== WHAT IS NEEDED ==
In the entries that follow, find the line containing "國家藥品監(jiān)督管理" and the line containing "幸山さん「水滴が水で冷やされ", then retype exactly the lines from the first through the second, pictures excluded.

START THE DATA

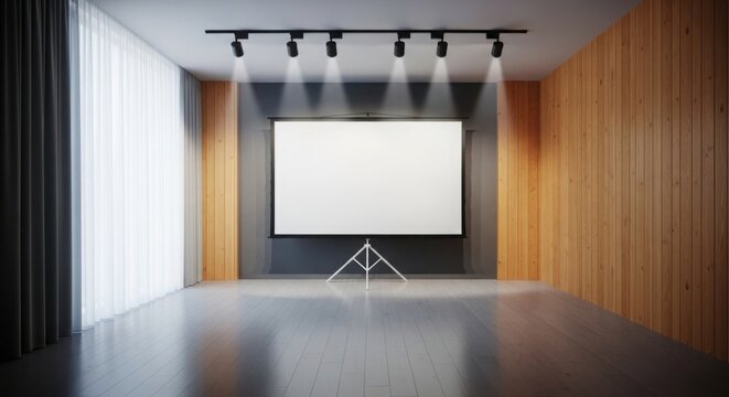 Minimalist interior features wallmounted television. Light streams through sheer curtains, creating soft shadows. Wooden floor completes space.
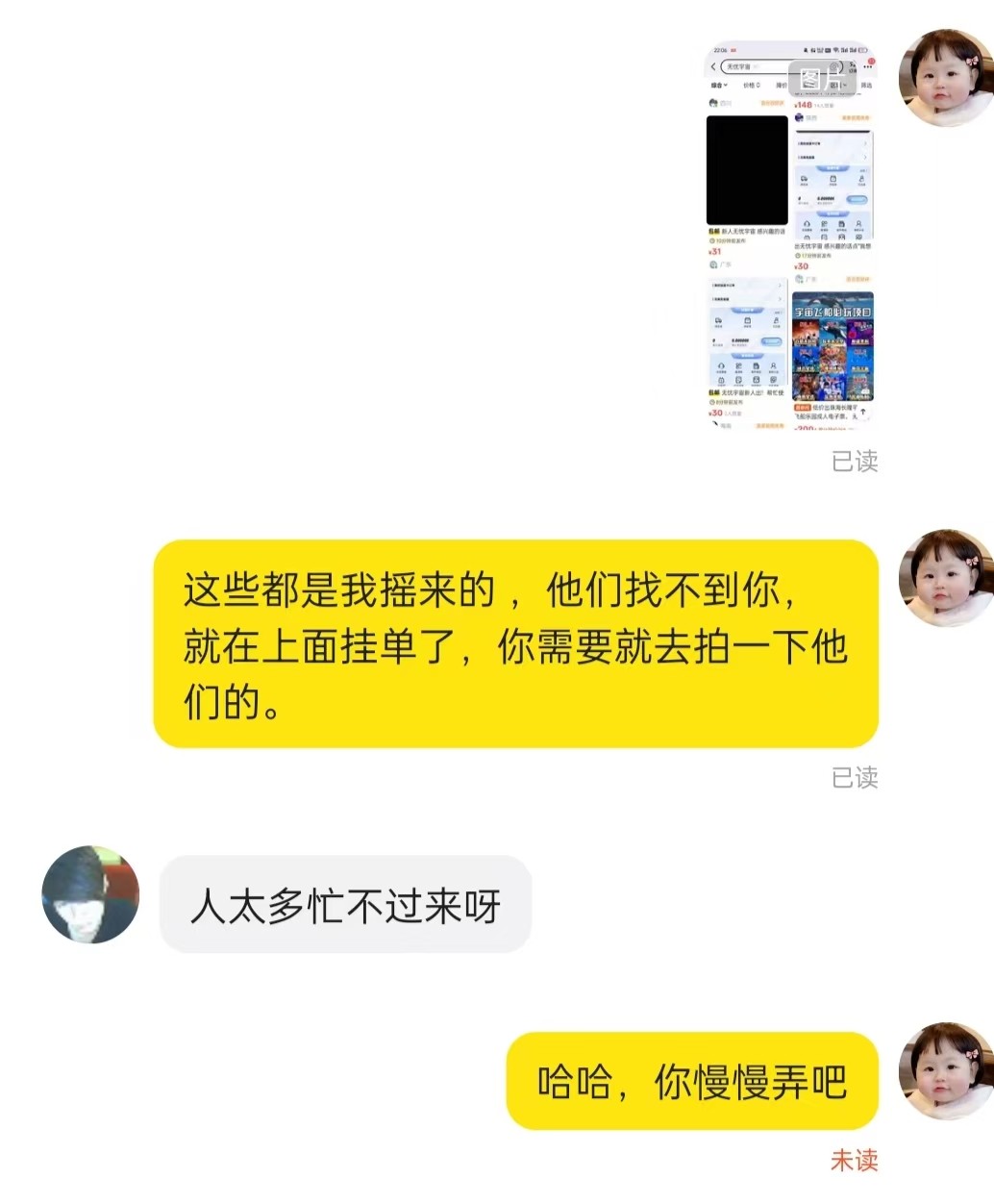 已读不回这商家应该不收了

END THE DATA
START THE DATA

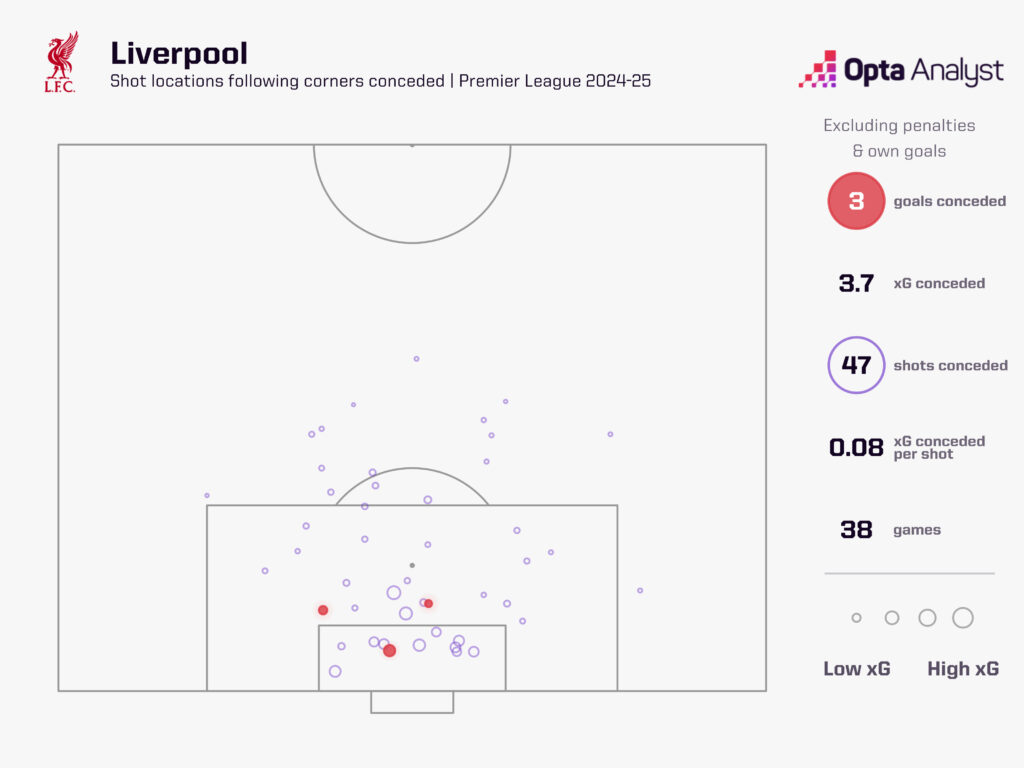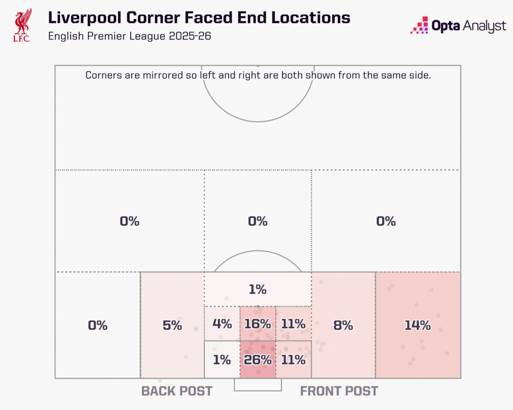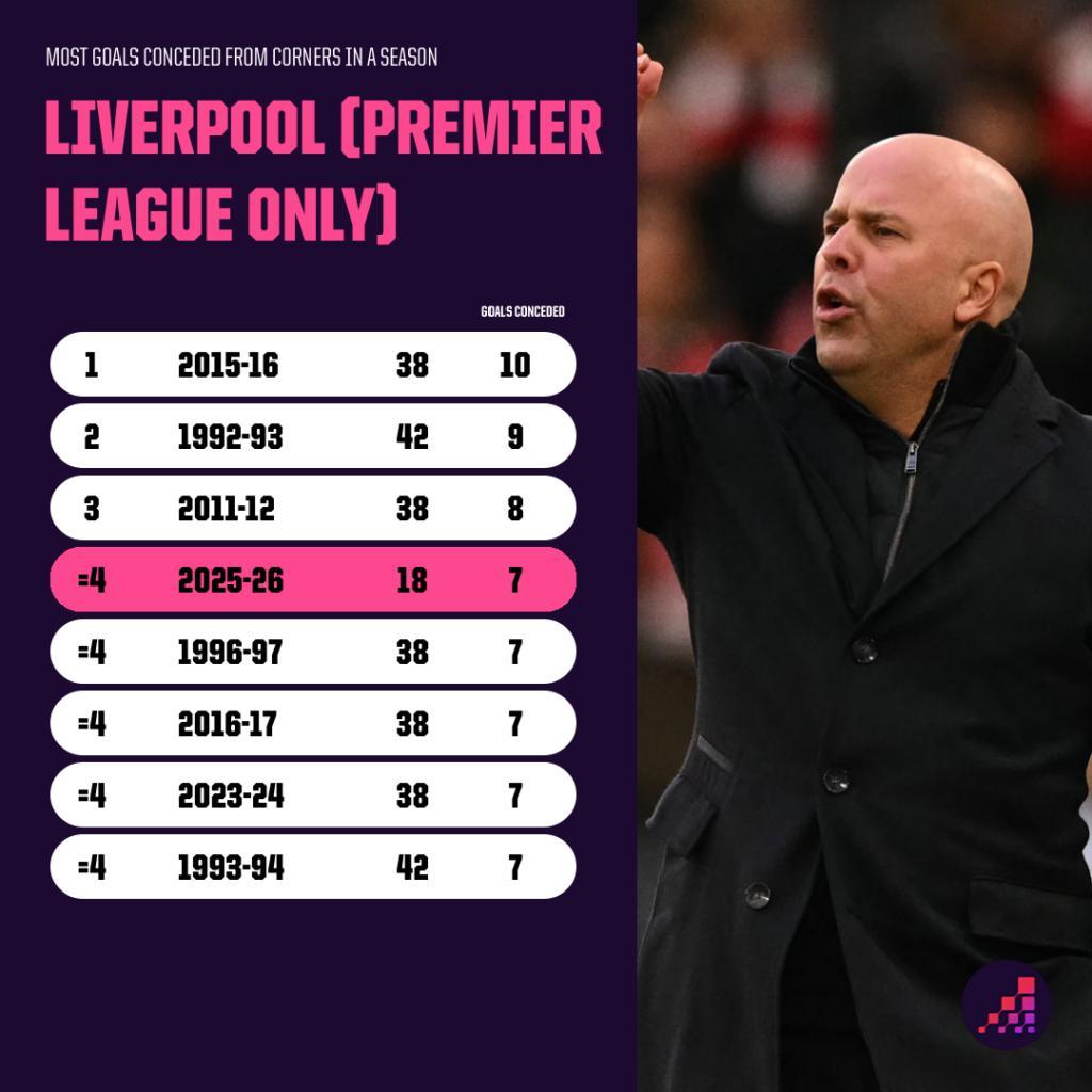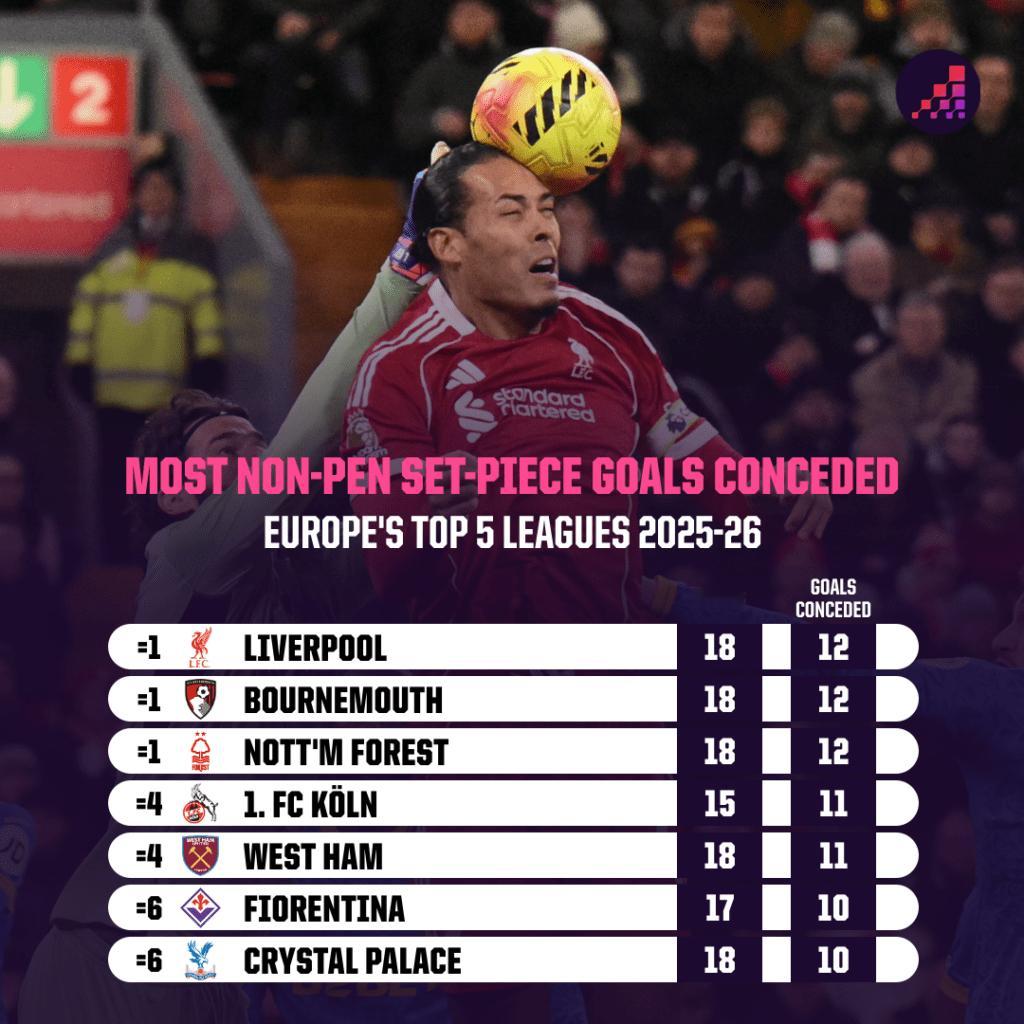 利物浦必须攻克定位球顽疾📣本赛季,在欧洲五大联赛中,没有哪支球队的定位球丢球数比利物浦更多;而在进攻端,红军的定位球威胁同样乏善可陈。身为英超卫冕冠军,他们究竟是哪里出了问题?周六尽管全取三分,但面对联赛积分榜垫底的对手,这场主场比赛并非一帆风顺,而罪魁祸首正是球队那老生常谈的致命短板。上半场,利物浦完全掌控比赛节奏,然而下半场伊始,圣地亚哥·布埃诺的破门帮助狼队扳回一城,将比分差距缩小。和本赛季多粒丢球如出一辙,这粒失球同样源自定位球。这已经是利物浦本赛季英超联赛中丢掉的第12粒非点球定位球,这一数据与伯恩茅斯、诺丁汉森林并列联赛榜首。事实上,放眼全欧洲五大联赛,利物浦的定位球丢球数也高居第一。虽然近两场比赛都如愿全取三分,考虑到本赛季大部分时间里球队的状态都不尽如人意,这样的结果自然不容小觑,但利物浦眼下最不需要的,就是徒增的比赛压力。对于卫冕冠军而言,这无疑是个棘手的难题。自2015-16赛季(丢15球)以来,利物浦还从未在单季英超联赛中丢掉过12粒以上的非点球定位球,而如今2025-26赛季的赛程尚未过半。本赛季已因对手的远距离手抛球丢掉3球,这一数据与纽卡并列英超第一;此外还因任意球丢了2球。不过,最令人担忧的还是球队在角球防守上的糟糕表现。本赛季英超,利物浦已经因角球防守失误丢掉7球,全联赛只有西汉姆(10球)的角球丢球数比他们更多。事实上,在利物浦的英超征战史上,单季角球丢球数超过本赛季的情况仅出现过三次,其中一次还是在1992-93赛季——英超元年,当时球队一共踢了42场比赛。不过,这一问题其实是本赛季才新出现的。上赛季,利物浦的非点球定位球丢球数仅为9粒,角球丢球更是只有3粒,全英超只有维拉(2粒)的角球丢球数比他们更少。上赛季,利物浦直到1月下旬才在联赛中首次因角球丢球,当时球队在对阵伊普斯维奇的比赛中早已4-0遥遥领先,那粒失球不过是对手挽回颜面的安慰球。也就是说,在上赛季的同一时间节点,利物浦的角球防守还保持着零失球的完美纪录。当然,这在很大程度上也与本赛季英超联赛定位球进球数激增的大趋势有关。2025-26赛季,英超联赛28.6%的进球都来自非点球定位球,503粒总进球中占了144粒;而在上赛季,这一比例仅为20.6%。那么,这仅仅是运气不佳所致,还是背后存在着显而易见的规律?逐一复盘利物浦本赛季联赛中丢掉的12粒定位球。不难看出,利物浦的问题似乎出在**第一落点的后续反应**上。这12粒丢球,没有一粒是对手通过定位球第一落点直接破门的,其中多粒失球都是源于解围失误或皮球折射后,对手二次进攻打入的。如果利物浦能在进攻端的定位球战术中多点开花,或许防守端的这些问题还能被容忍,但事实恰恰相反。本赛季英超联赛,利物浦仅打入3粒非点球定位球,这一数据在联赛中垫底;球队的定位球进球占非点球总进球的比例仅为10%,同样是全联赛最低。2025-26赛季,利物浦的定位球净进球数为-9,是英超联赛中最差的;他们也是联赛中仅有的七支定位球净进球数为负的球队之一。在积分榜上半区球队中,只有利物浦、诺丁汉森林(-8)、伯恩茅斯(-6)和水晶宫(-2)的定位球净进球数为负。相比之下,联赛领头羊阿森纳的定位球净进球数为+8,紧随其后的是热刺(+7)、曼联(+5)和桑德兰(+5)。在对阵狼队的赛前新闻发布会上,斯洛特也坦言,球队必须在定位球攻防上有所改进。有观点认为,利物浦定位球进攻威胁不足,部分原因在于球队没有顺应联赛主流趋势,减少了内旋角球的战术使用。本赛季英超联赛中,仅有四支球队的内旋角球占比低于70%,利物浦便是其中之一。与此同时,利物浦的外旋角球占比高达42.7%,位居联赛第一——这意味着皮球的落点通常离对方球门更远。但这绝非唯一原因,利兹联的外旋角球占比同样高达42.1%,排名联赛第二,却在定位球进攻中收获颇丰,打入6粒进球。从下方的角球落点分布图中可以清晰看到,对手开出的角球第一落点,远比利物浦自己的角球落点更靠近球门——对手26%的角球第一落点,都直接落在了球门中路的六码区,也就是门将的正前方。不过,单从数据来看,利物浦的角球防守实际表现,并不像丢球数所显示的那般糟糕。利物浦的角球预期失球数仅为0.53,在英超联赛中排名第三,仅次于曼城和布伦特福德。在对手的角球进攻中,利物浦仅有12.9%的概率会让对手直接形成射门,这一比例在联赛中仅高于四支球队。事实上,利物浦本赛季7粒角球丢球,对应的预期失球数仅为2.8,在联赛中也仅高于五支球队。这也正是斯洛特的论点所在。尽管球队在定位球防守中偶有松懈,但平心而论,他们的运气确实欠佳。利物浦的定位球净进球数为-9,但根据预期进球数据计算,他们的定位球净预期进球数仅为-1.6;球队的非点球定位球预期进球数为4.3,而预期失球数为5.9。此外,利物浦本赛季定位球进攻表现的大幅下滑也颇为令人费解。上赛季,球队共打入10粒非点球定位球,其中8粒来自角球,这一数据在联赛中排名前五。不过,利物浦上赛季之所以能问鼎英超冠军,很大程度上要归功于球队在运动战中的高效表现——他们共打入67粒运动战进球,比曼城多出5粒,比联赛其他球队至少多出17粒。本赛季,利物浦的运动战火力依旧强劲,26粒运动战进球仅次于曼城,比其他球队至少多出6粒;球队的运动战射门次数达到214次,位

END THE DATA
START THE DATA

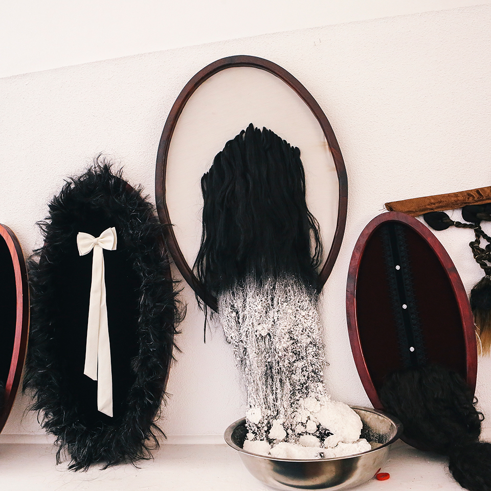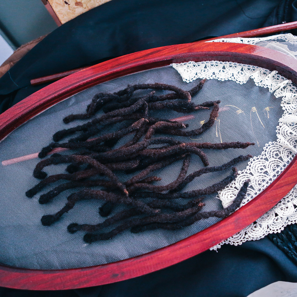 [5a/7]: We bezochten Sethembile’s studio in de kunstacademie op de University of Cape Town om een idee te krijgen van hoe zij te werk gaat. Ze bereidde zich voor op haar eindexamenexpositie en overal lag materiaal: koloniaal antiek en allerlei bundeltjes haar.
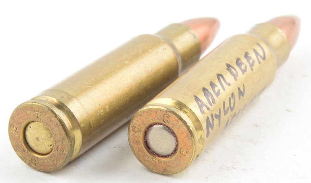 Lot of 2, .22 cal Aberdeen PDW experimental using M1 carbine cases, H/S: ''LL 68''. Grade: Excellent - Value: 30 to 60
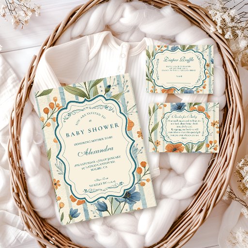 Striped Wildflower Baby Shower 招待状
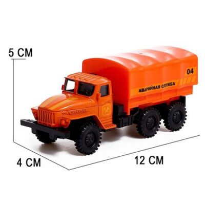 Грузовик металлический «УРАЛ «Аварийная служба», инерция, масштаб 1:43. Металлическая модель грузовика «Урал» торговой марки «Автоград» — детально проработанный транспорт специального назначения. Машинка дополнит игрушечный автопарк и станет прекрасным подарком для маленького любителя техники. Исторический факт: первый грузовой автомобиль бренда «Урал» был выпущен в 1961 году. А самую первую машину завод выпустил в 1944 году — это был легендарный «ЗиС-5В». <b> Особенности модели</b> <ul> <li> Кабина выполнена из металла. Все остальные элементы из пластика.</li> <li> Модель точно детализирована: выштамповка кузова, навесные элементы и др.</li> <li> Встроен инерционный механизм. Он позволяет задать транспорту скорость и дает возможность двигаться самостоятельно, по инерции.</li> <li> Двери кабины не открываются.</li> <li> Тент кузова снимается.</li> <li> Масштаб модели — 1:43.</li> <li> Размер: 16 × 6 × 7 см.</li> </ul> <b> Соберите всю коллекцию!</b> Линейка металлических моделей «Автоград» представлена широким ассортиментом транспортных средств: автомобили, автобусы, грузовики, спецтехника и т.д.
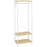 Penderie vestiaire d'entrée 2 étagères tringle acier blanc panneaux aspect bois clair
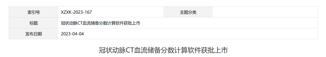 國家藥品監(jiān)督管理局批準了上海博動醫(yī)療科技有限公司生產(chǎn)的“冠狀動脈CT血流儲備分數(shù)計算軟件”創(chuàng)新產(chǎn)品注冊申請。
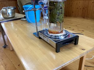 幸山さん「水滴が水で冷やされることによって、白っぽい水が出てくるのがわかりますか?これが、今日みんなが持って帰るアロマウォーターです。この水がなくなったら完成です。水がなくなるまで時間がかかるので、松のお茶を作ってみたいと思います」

END THE DATA

== OUTPUT FOR THIS EXERCISE ==
 國家藥品監(jiān)督管理局批準了上海博動醫(yī)療科技有限公司生產(chǎn)的“冠狀動脈CT血流儲備分數(shù)計算軟件”創(chuàng)新產(chǎn)品注冊申請。
 幸山さん「水滴が水で冷やされることによって、白っぽい水が出てくるのがわかりますか?これが、今日みんなが持って帰るアロマウォーターです。この水がなくなったら完成です。水がなくなるまで時間がかかるので、松のお茶を作ってみたいと思います」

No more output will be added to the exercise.